Crank-Nicolson also gives a \( 2\times 2 \) linear system.

Methods for general first-order ODEs

Generic form

The standard form for ODEs:

 
$$ \begin{equation} u' = f(u,t),\quad u(0)=I \tag{37} \end{equation} $$

 

\( u \) and \( f \): scalar or vector.

Vectors in case of ODE systems:

 
$$ u(t) = (u^{(0)}(t),u^{(1)}(t),\ldots,u^{(m-1)}(t)) $$

 

 
$$ \begin{align*} f(u, t) = ( & f^{(0)}(u^{(0)},\ldots,u^{(m-1)})\\ & f^{(1)}(u^{(0)},\ldots,u^{(m-1)}),\\ & \vdots\\ & f^{(m-1)}(u^{(0)}(t),\ldots,u^{(m-1)}(t))) \end{align*} $$

 

The \( \theta \)-rule

 
$$ \begin{equation} \frac{u^{n+1}-u^n}{\Delta t} = \theta f(u^{n+1},t_{n+1}) + (1-\theta)f(u^n, t_n) \tag{38} \end{equation} $$

 
Bringing the unknown \( u^{n+1} \) to the left-hand side and the known terms on the right-hand side gives

 
$$ \begin{equation} u^{n+1} - \Delta t \theta f(u^{n+1},t_{n+1}) = u^n + \Delta t(1-\theta)f(u^n, t_n) \end{equation} $$

 
This is a nonlinear equation in \( u^{n+1} \) (unless \( f \) is linear in \( u \))!

Implicit 2-step backward scheme

 
$$ u'(t_{n+1}) \approx \frac{3u^{n+1} - 4u^{n} + u^{n-1}}{2\Delta t}$$

 

Scheme:

 
$$ u^{n+1} = \frac{4}{3}u^n - \frac{1}{3}u^{n-1} + \frac{2}{3}\Delta t f(u^{n+1}, t_{n+1}) \tag{39} $$

 
Nonlinear equation for \( u^{n+1} \).

The Leapfrog scheme

Idea:

 
$$ \begin{equation} u'(t_n)\approx \frac{u^{n+1}-u^{n-1}}{2\Delta t} = [D_{2t} u]^n \end{equation} $$

 

Scheme:

 
$$ [D_{2t} u = f(u,t)]^n$$

 
or written out,

 
$$ \begin{equation} u^{n+1} = u^{n-1} + \Delta t f(u^n, t_n) \tag{40} \end{equation} $$

 

  • Some other scheme must be used as starter (\( u^1 \)).
  • Explicit scheme - a nonlinear \( f \) (in \( u \)) is trivial to handle.
  • Downside: Leapfrog is always unstable after some time.

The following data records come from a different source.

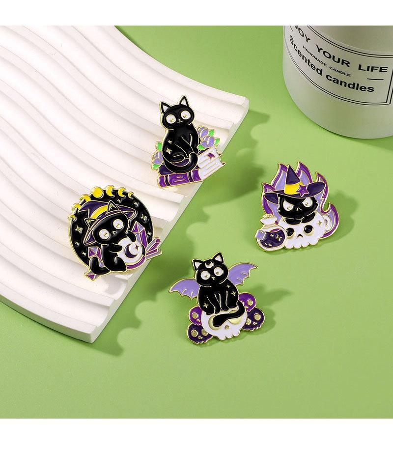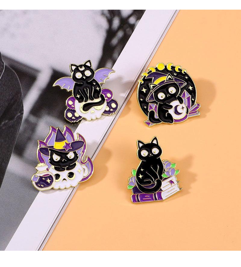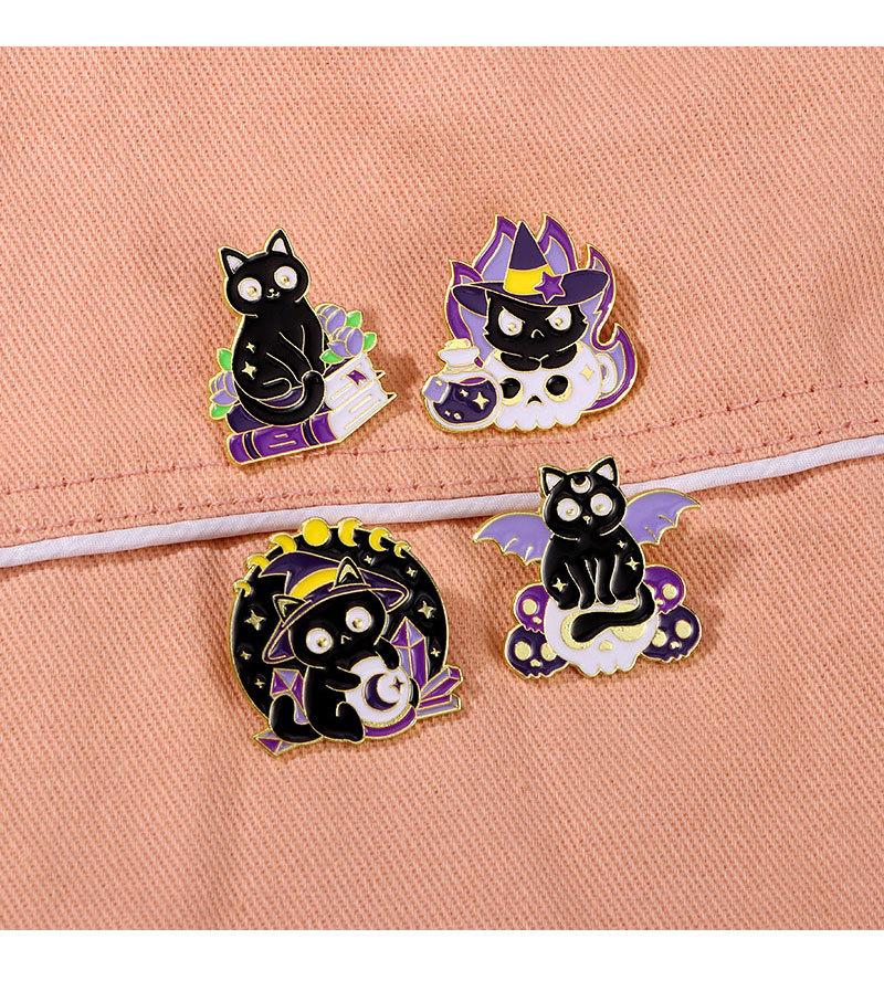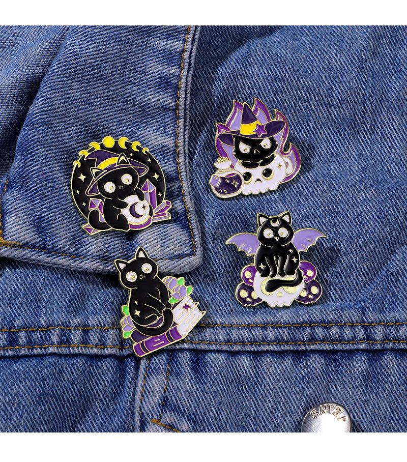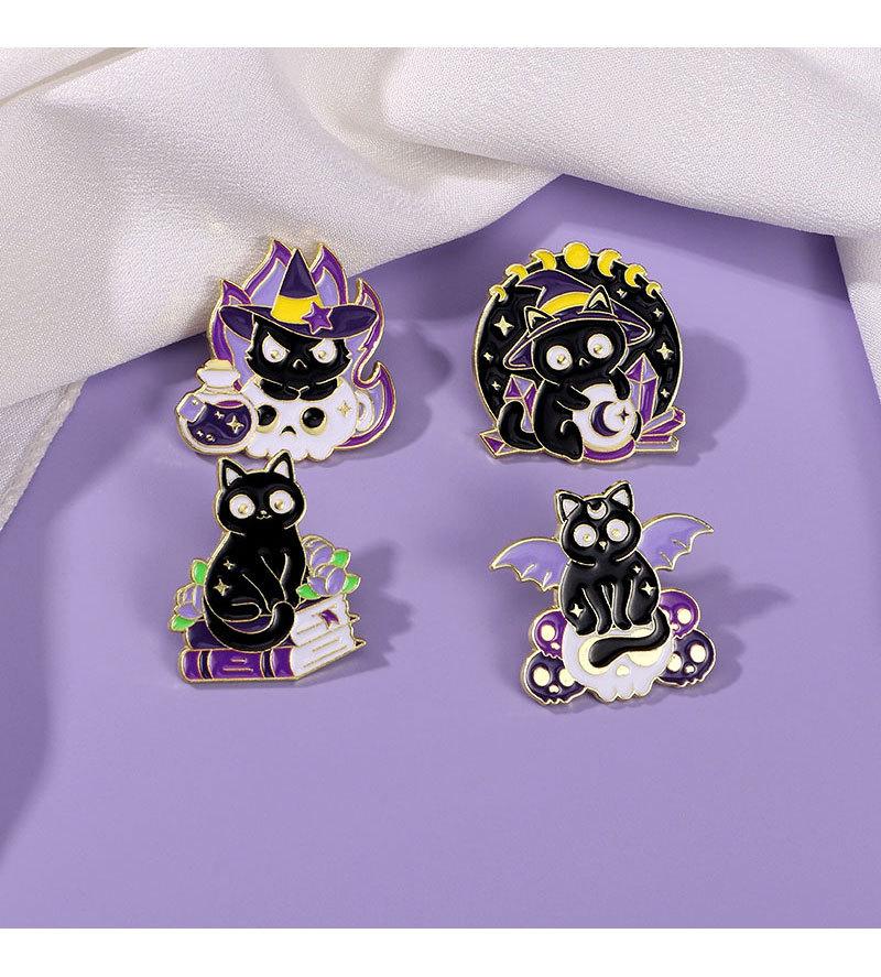 Broche de gato negro lindo transfronterizo animal de dibujos animados alas ojos de gato metal gota de aceite insignia accesorios de bolsa al por mayor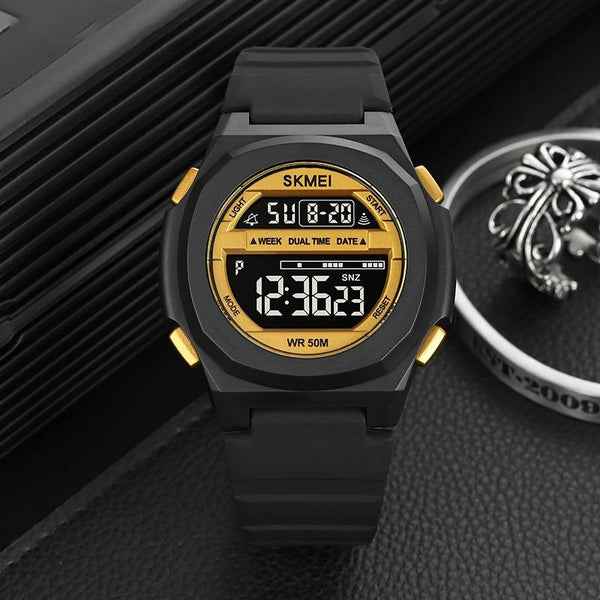 SKMEI 1821 Stainless Steel Buckle Silicone Strap Electronic Watch(Black Gold)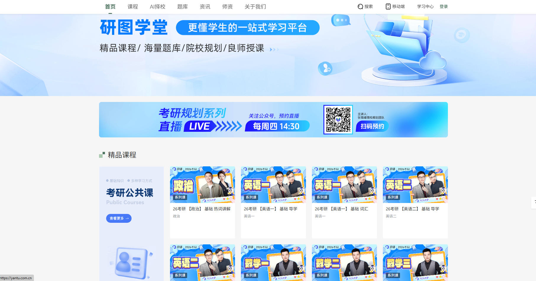 研图学堂学习平台是苏州研途教育科技有限公司依托自身多年教培经验和师资力量,倾力打造的专业服务于机构用户的全新线上学习平台。研图学堂学习平台目前由视频课程资源、题库资源、AI择校系统、资讯服务4个功能模块组成。

The filtered Leapfrog scheme

After computing \( u^{n+1} \), stabilize Leapfrog by

 
$$ \begin{equation} u^n\ \leftarrow\ u^n + \gamma (u^{n-1} - 2u^n + u^{n+1}) \tag{41} \end{equation} $$

 

2nd-order Runge-Kutta scheme

Forward-Euler + approximate Crank-Nicolson:

 
$$ \begin{align} u^* &= u^n + \Delta t f(u^n, t_n), \tag{42}\\ u^{n+1} &= u^n + \Delta t \half \left( f(u^n, t_n) + f(u^*, t_{n+1}) \right) \tag{43} \end{align} $$

 

4th-order Runge-Kutta scheme

  • The most famous and widely used ODE method
  • 4 evaluations of \( f \) per time step
  • Its derivation is a very good illustration of numerical thinking!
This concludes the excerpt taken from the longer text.